AlexNet / VGG-F network visualized by mNeuron.

Deep Learning with TensorFlow 2.0
Introduction to Computer Vision

Logistics

Template: Project4_CNNs.
Part 1: Questions
- Questions + template: Now in the repo: questions/
- Hand-in process: Gradescope as PDF. Submit anonymous materials please!
- This project only: Questions are worth 40% of the project grade.
- Due: Friday 3rd April 2020, 9pm.
Part 2: Code
- Writeup template: In the repo: writeup/
- Required files: code/, writeup/writeup.pdf
- Hand-in process: Gradescope as a zip file. Submit anonymous materials please!
- Due: Friday 3rd April 2020, 9pm.

Overview

This project will be divided up into three weeks. Though we will release all of the resources of the project at once, this is the outline of how we recommend the three weeks to be managed:

Week 1: Complete the written conceptual questions of the project (questions 1-4 in the handout).
Week 2: Write the NumPy neural network assigned at the end of the questions handout. In addition to this, set up GCP and complete one of the two Tensorflow MNIST tutorials on GCP (see handout for more information). At the end of the week (Friday 13th Mar.), you will turn in the PDF of part 1 of the project.
Week 3: Complete part 2 of the project.

Part 2 Overview

We will design and train convolutional neural networks (CNNs) for scene recognition using the TensorFlow system. Remember scene recognition with bag of words, which achieved 50 to 70% accuracy on 15-way scene classification? We're going to complete the same task on the 15 scenes database with deep learning and obtain a higher accuracy.
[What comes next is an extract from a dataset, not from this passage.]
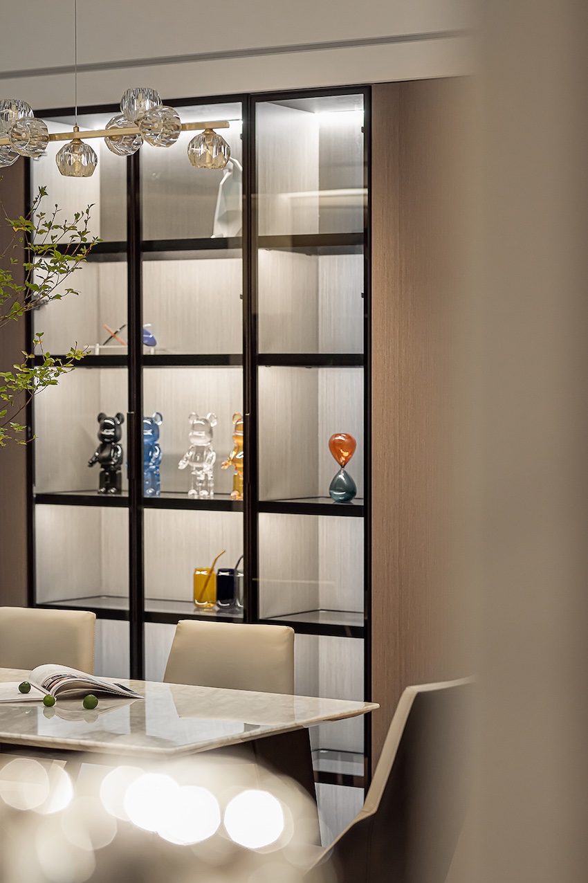 网红摆件与抽象画作随心点缀着空间,共同交织形成统一的艺术整体,客厅俨然成为一个小型展厅,创造出一种现代空间的先锋探索,丰富了建筑的审美体验和韵律感。

Task 1: Design a CNN architecture with less than 15 million parameters, and train it on a small dataset of 1,500 training examples. This isn't really enough data, so we will use:

Standardization (a type of normalization)
Data augmentation
Regularization via dropout

You will be implementing standardization and data augmentation in preprocess.py. Regularization via dropout layers will be in YourModel. It's a good idea to have an (at least) preliminary preprocessing routine set up before building your model that you can fine-tune later. You can see some of the results of your preprocessing function visualized after/during training under the "IMAGES" tab in Tensorboard.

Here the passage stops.